Melissa M. Wilcox explores the complex spiritual lives of queer women in the Los Angeles area. She takes the reader on a tour of a colorful array of religious and secular groups that serve as spiritual resources for these women―from the well-known Metropolitan Community Churches to Wiccan covens, from the Gay and Lesbian Sierrans to the Sisters of Perpetual Indulgence. Arguing that these women's stories are exemplary cases of postmodern patterns of religious identity, belief, and practice, Wilcox offers a nuanced analysis of contemporary Western spirituality and selfhood, and a detailed exploration of the history of queer religious organizing in Los Angeles. Queer Women and Religious Individualism is important reading for scholars in religious studies, sociology, women's studies, and LGBT studies.
Melissa M. Wilcox is Professor and Holstein Family and Community Chair of Religious Studies at the University of California, Riverside.

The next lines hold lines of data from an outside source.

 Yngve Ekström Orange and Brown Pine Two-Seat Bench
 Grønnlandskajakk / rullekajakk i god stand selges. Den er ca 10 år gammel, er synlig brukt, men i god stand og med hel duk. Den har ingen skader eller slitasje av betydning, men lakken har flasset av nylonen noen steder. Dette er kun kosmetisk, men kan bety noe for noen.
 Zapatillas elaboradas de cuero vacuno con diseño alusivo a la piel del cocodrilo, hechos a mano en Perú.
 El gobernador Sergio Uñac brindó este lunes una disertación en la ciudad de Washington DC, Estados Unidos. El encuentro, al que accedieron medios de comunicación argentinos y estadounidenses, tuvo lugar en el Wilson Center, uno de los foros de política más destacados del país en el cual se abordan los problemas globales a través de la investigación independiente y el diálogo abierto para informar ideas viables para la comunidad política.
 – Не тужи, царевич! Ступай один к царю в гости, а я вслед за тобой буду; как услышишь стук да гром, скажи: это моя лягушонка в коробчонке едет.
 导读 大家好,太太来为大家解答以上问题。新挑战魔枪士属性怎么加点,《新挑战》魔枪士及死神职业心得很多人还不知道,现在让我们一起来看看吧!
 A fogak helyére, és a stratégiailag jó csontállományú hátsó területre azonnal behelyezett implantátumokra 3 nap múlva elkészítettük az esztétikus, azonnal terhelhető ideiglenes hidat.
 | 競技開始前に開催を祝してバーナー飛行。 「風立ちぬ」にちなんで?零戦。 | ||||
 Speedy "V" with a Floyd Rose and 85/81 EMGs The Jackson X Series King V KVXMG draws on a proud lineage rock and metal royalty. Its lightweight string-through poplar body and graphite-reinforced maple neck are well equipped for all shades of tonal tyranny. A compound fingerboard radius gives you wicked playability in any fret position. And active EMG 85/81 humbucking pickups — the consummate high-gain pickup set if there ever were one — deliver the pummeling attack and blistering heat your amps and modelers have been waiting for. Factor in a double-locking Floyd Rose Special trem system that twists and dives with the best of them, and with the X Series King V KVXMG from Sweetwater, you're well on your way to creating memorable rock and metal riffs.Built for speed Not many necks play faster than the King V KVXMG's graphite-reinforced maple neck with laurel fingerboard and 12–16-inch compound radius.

She is the author of Queer Women and Religious Individualism, winner of the 2010 Book Award of the ASA’s Sociology of Religion Section.
A classic in the field(s) of queer/trans religious studies—despite its seeming obscurity, at least in terms of Goodreads stats. As another reviewer mentioned, indeed a formative and worthwhile study that, in its structure and methods, needs repeating in view of shifting relationships between LGBTQ+ folks and religiosity in the US today.
A brilliant, interview-based study of the religious lives of queer women in LA. The narrative is beautifully and accessibly written, with a great balance of exposition and analysis. I appreciated the grounding of the individual spiritual lives in institutional settings in many cases (also what Nancy Ammerman has since argued). The only reason for not giving it 5 stars is the tendency to talk about frequencies in a 'sample' where those mean little. Nevertheless, Wilcox is very careful to avoid generalising from the sample, it's just the style of arguing from qualitative data that I find problematic. That said, the projections/extrapolations in the conclusion chapter are plausible and convincing. This is one of the studies that one would like to see repeated, as much has happened in religion and the LGBT community in the 20 years since the fieldwork was done.